EXERCISE = Give again, word for word, the lines below that run from the line with "Un’interpretazione luminosa delle" through the line with "Blu chiaro, cotone, denim, colletto". Drop the pictures.

DATA IN THIS EXERCISE =
····················
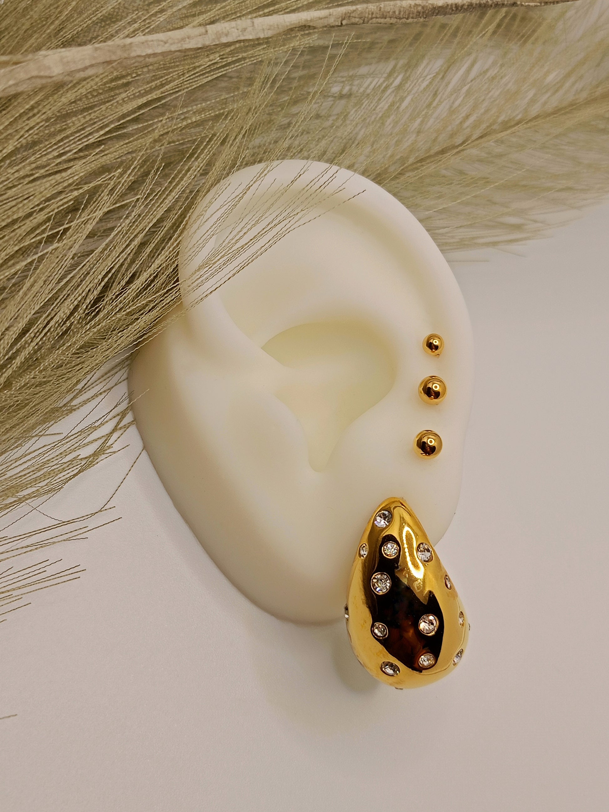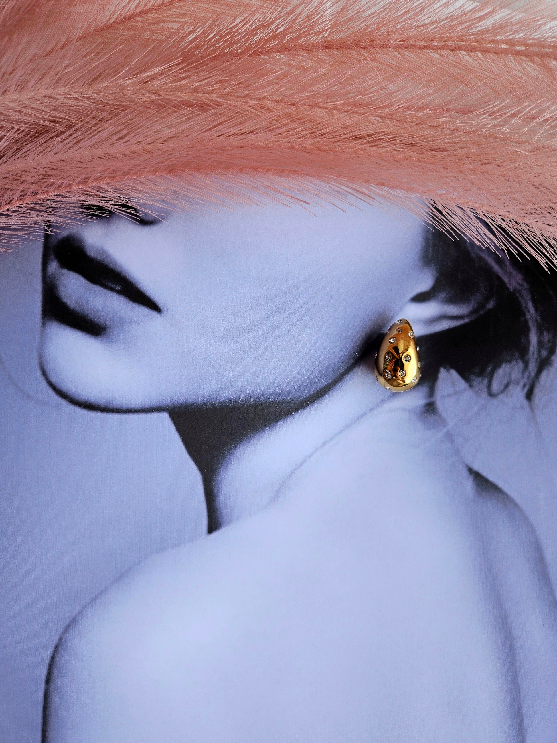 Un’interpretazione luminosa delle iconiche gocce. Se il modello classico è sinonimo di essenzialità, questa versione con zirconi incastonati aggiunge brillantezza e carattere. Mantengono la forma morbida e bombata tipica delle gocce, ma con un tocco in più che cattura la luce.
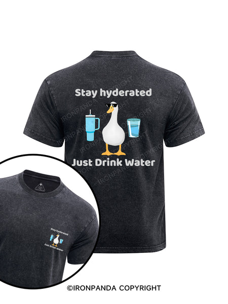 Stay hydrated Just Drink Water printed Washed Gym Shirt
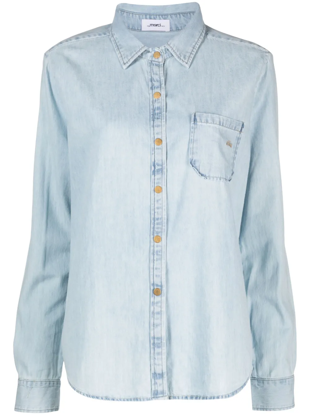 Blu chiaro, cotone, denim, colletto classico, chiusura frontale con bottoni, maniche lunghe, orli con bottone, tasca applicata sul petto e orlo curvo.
····················
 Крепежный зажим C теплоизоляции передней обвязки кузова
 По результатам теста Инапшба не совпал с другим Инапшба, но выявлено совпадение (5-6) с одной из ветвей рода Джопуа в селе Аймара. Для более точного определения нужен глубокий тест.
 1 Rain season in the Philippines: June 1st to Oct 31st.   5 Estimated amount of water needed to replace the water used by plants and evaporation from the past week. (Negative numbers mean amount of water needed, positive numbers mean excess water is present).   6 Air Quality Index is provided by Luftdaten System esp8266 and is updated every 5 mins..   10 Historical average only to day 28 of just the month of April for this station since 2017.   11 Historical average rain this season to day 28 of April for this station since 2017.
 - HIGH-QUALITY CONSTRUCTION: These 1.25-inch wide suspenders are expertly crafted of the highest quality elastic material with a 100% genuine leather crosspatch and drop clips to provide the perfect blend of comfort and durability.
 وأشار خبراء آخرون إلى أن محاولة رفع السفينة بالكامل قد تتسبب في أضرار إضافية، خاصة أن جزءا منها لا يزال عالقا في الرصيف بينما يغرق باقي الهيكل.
····················
ANSWER TO THIS TASK =
 Un’interpretazione luminosa delle iconiche gocce. Se il modello classico è sinonimo di essenzialità, questa versione con zirconi incastonati aggiunge brillantezza e carattere. Mantengono la forma morbida e bombata tipica delle gocce, ma con un tocco in più che cattura la luce.
 Stay hydrated Just Drink Water printed Washed Gym Shirt
 Blu chiaro, cotone, denim, colletto classico, chiusura frontale con bottoni, maniche lunghe, orli con bottone, tasca applicata sul petto e orlo curvo.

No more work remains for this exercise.